Something to keep in mind is that when you're splitting your
data sets up into training, testing and validation sets, they can
get a little bit small, but you need to avoid small
sample sizes, particularly if you're dealing with the test set size.
And the reason why is, suppose you were predicting a binary outcome, so in my
case, a very common thing to try to do is to predict diseased versus healthy.
And in general, it might be something like, whether people will
click on an ad, or whether they won't click on an ad.
Then one classifier is just flipping a coin.
You could always just flip a coin, and say, they'll be diseased if
the coin is heads, and not diseased if the coin comes out tails.
And so the probability of a perfect classification, using this
really silly algorithm is one half raised to the sample size.
In other words, half the time you'll be
right, just by chance by flipping the coin.
And each time, supposing each prediction is independent,
then each time that you flip a coin, then
you'll get one half times that, a number will
be the decrease in accuracy that you would get.

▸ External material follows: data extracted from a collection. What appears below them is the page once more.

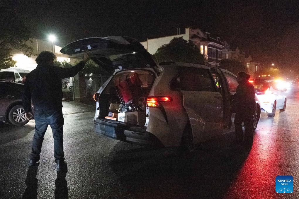 People get supplies from a community resource center for residents affected by the power outage in San Francisco, California, the United States on Dec 21, 2025. A large-scale power outage struck San Francisco on Saturday, affecting about 130,000 households and businesses, or roughly one-third of all customers served by Pacific Gas and Electric Company (PG&E) in the city. (Photo by Ziyu Julian Zhu/Xinhua)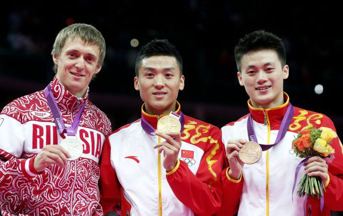 North Greenwich Arena. 3 августа. Мужчины. Финал. 1. Дун Дун (Китай) - 62,990. 2. УШАКОВ - 61,769. 3. Лю Чюньлун (Китай) - 61,319. 4. Ито (Япония) - 60,895. 5. Уэяма (Япония) - 60,240. 6. ФЕДОРЕНКО - 59,105.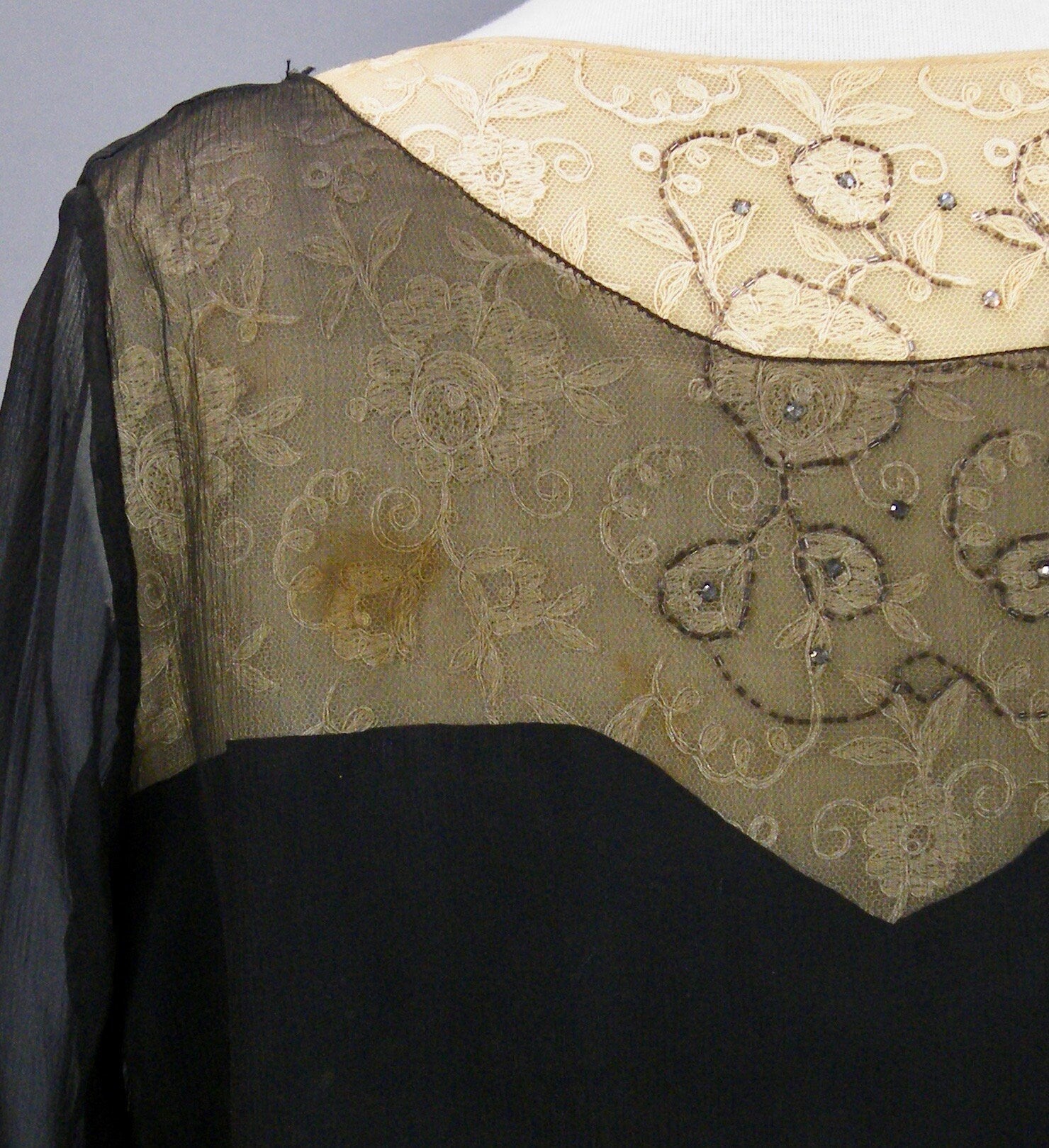 The dress is styled with a sleeveless under-bodice of creamy beige floral embroidered net lace, finished with a graceful scoop neckline. The neckline is subtly accented with prong-set rhinestones and glass bugle beads, all mounted onto a solid black silk foundation. Over this, the sheer silk georgette overlay forms a wide-set V-shaped cowl neckline, weighted at the center front with a small covered weight to ensure elegant drape and placement.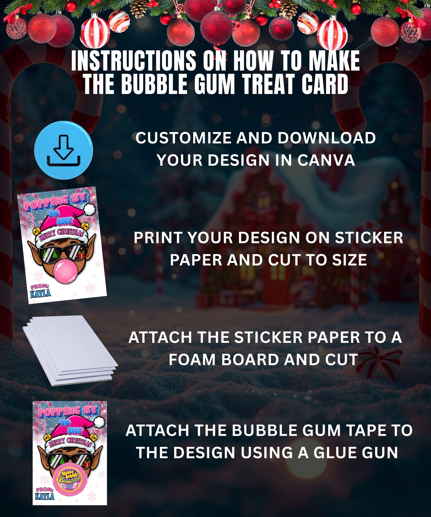 What’s Included: 10 Bubblegum Tape Christmas Treat Card Canva Templates (5x7 inches, can be resized in Canva)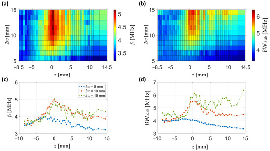Frequency-domain characterization of the pressure field. (a) Spatial map of central frequency as a function of axial position and beam diameter. (b) Spatial map of bandwidth at −6 dB under the same conditions. (c) Axial profiles of central frequency at selected beam diameters (2w = 5, 10, 15 mm). (d) Axial profiles of −6 dB bandwidth at the same beam diameters. Subfigures (c,d) share the same legend.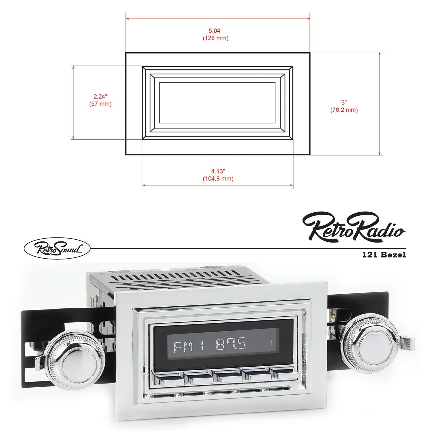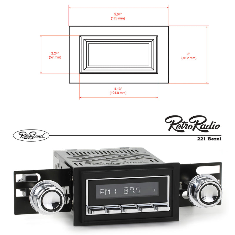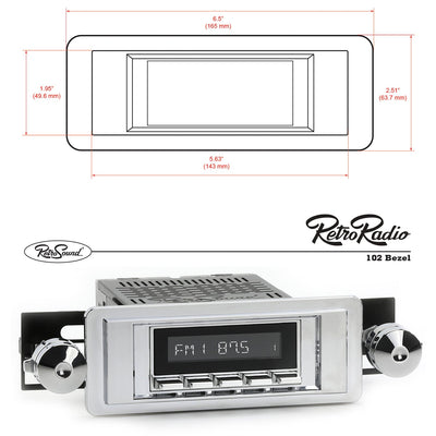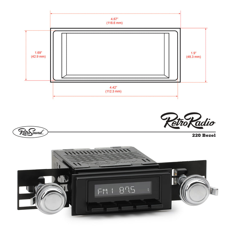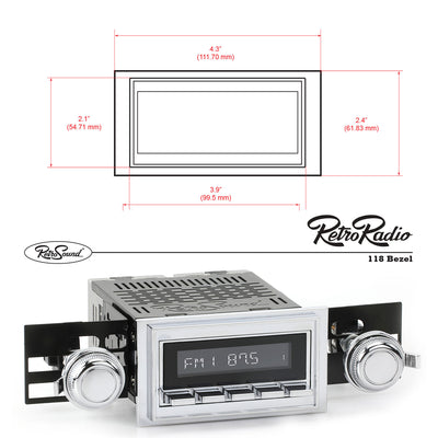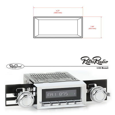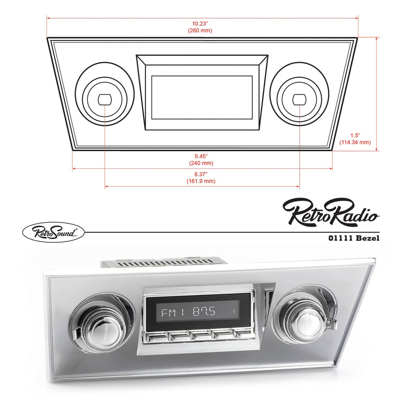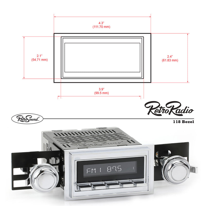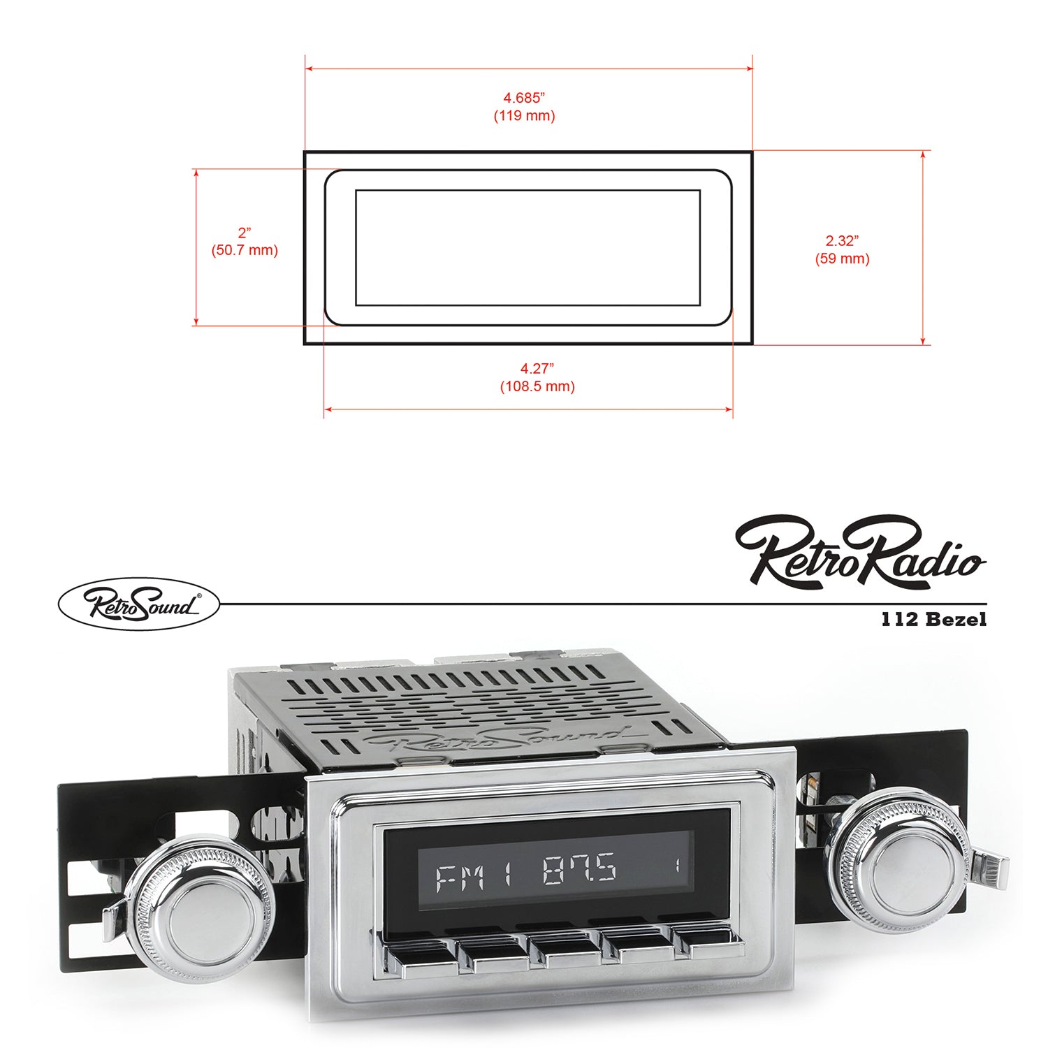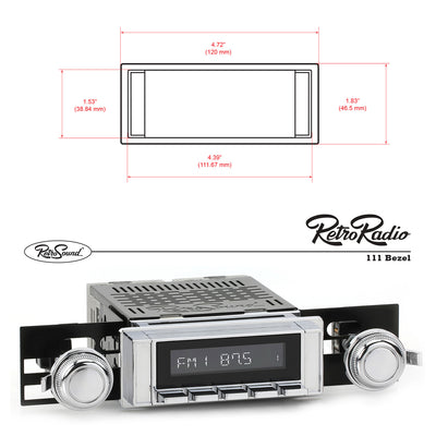 Mounting bezels for RetroSound® Motor 1, Motor 2 or Motor 4 radios. Dimensions are listed here for each bezel. Note that a bezel is made to fit over the nose of the radio and mounted from behind the dash. If you are looking for a trim piece to over-lay the front of the dash, see our selection of faceplates. Please note that bezel part numbers 107, and 129, are made to fit the Apache radio only.

So if you were pr-, test set has only one sample in
it, then you have about a 50/50 chance of getting that sample right.
So, even if you got prediction accuracy of 100% on the test set,
you would have a 50% chance of that, even with a coin flip.
With n equals 2, you only have a, you
still only have a 25% chance of 100% accuracy.
And with n equals 10 in your test set, now
you have, only about a .1% chance of getting 100% accuracy.
So if you see that 100% accuracy you'll feel a little bit
more confident that it's actually true and it's not something that's just random.
So this suggests that we should make sure
that especially our test sizes are of relatively
large size so we can be sure that
we're not just getting good prediction accuracy by chance.